Now that we have our peeled and finely chopped white onions and ramellet tomatoes we can go ahead with our basic sofrito. For three large finely chopped white onions, use six small peeled ramellets and 200 mls of virgen extra olive oil.
Put the frying pan or greixonera on a very low heat. If necessary, use a metal diffuser to keep the heat really low. Add the oil to the greixonera and when it is warm (not hot) add the finely chopped onions. If the oil were hot the onions would cook at a sizzle and your sofrito would be off to a bad start.
Stir the chopped onions in the warm oil with a wooden spoon and sauté them over the very low heat for about 15 minutes, stirring them every five minutes. The onions will first soften, then become translucent before taking on a golden colour. They must never reach the caramelised state and if they burn and blacken you will have to start again.

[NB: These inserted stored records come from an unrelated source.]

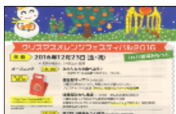
〔クリスマスオレンジフェスティバルのチラシ〕

愛顔のみかんプロジェクト(H25~27 局予算)を踏まえ、ハートみかん制作(川上・真穴共撰等)のほか、民間等と連携したイベント(クリスマスオレンジフェスティバル(H28. 12. 23)等)や港・市町庁舎等で、みかんやカボスの両県柑橘のPR等を実施
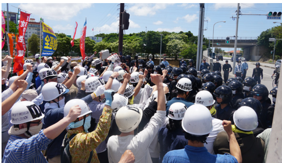
嘉手納第2ゲートを前に機動隊と攻防（5月17日）

2日目は反基地闘争。普天間、嘉手納をめぐり、かつて沖縄の労働者の力で基地撤去の實力闘争が闘いぬかれた地に全軍労をほうふつさせるヘルメット部隊が登場し、闘いの記憶を呼び覚ます力強い集会とデモを、機動隊と激突しながら貫徹しました。
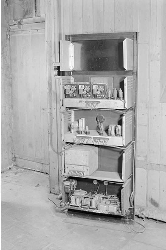
Diapason étalon : face arrière.

25, Besançon, 34, 36, 41 à 43 avenue de l' Observatoire, lieudit : la Bouloie
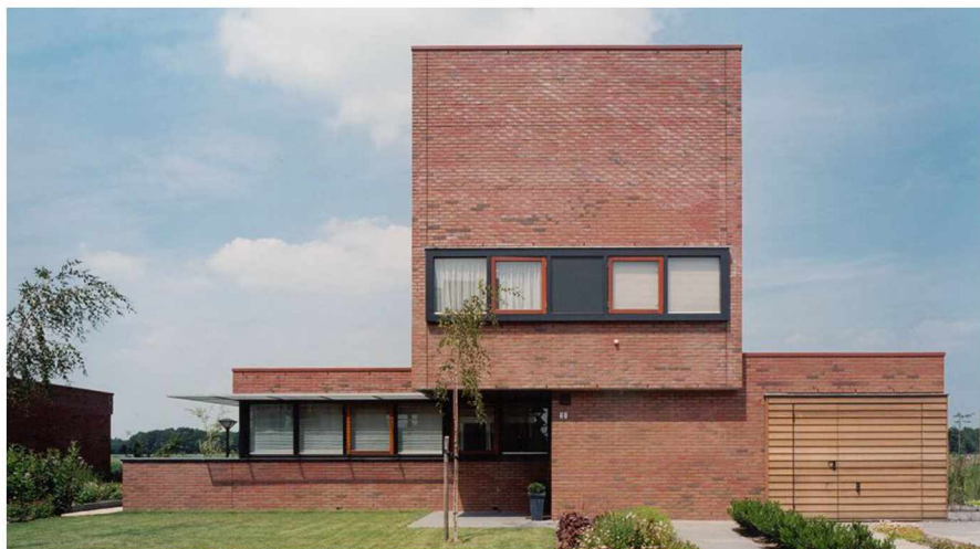
Referentiebeelden G32a. Eigentijds landelijk kubistisch wonen aan de Folgeralaan (deelgebied a)
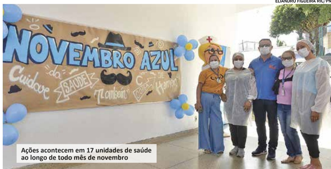
Ações acontecem em 17 unidades de saúde ao longo de todo mês de novembro
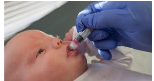
5.influenzae tipo b
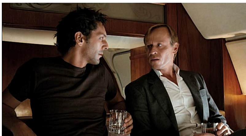
Рис. 4. Корский. Ларго Винч: Начало (The Heir Apparent: Largo Winch)(2008)

Капитан Гуднайев. Руководит петербургской милицией. Зовет следователя из Интерпола выпить кофе, но на самом деле пьют водку (Хитмэн (Hitman) (2007).
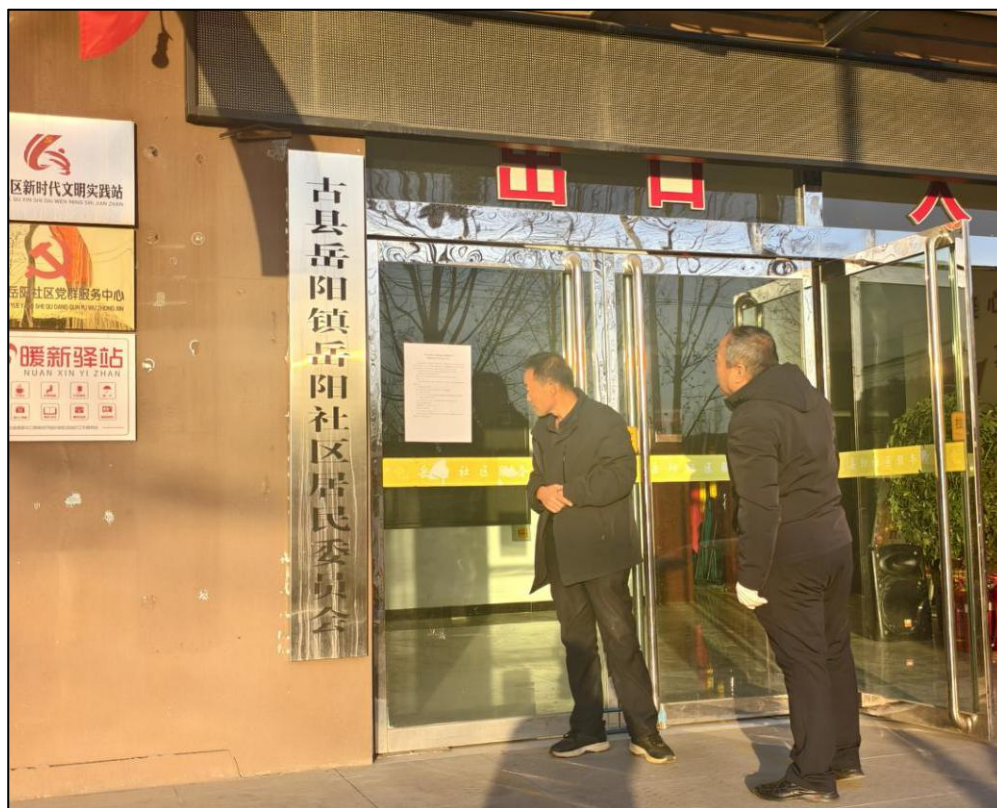
图 3：张贴公示情况图

在征求意见稿公示的 10 个工作日内，公示内容与网上公示内容一致。建设单位同步在项目所在地张贴公告，公示拟建项目相关信息。公示情况见图 3-图 5。
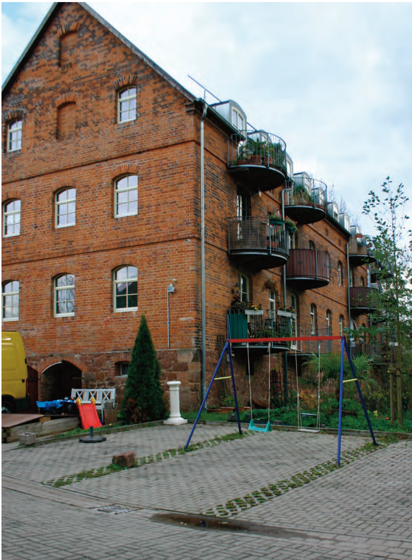
Nr. 1c: Trothaer Mühle, Haus 3 (südlich) Wohnhaus, nördliche Giebelwand
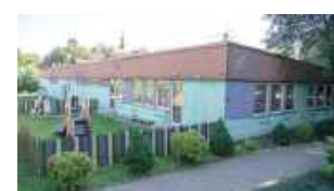
Przedszkole nr 1 w Łęcznej
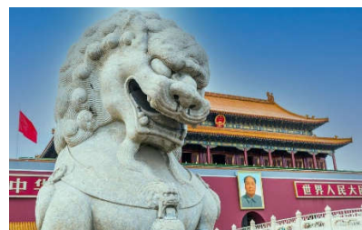
Pechino Mausoleo di Mao Tse-tung
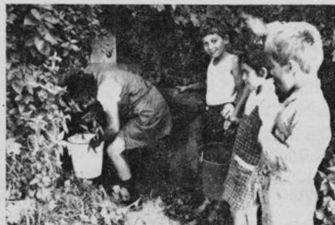
Tudi po večkrat na dan se je potrebno povzpeti po pobočjih Boča z vedri do Zofijinega vodnjaka

Za nadomestilo njihovega pomanjkanja bi izvajalec del Komunalno podjetje Rog. Slatina, zagotovil
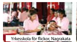
Yrskeskola för flickor, Nagrakata
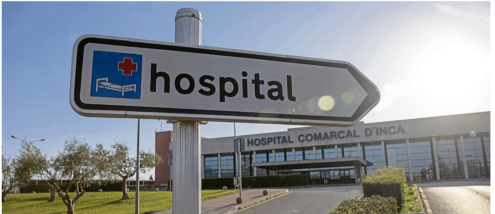
Krankenhausaufenthalte im Ausland können kostspielig werden. Eine Reisekrankenversicherung schützt vor hohen finanziellen Risiken.

Die Police sollte keine Krankheiten ausschließen und keine Erstattungsobergrenzen für Transporte und Behandlungen haben. Rücktransporte sollten schon übernommen werden, wenn sie medizinisch sinnvoll erscheinen und nicht nur bei „medizinischer Notwendigkeit“, so Finanztip. Das heißt: Bereits wenn die Behandlung

So be sure to keep the heat nice and low and don’t forget to stir them from time to time.
At the golden stage, stir in the finely chopped ramellets. This mixture must also cook slowly, so don’t turn up the heat. After about 15 minutes add a ladle of boiling water. As this water slowly evaporates it will help to produce the necessary jam-like consistency.
A sofrito must never be watery. If it is, the dish you are making will also be watery. So the sofrito must now cook until thick and jammy.
This is the basic sofrito. The recipe you are using may call for fish or meat stock instead of water. Finely chopped spring onions or leeks could also be added to the onions at the start.
Most cooks would add garlic as well as herbs, although the choice of herbs would depend very much on the dish you are making, as well as personal taste. Parsley is the most common herb used in a sofrito.
A recipe could also require a little nutmeg or pepper, or a glass of white wine or sherry. Add the necessary condiments but always remember the golden rule: a sofrito must be cooked very slowly.
And you must always bear in mind that a sofrito is not a tomato sauce. Some people make the mistake of adding extra tomatoes, on the theory that if six small ramellets are called for, 12 will be even better.
But that is not the case, so don’t fall into that trap. A sofrito with too little tomato will actually be better than one with an excessive amount.
When your sofrito is thick and jammy you have the basis of a really tasty dish. It is the first stage of many regional dishes such as paella, sopes mallorquines, stews, soups and potajes. If you use recipes in Spanish cookbooks you will come across the sofrito in hundreds of dishes, so you should learn to do it properly.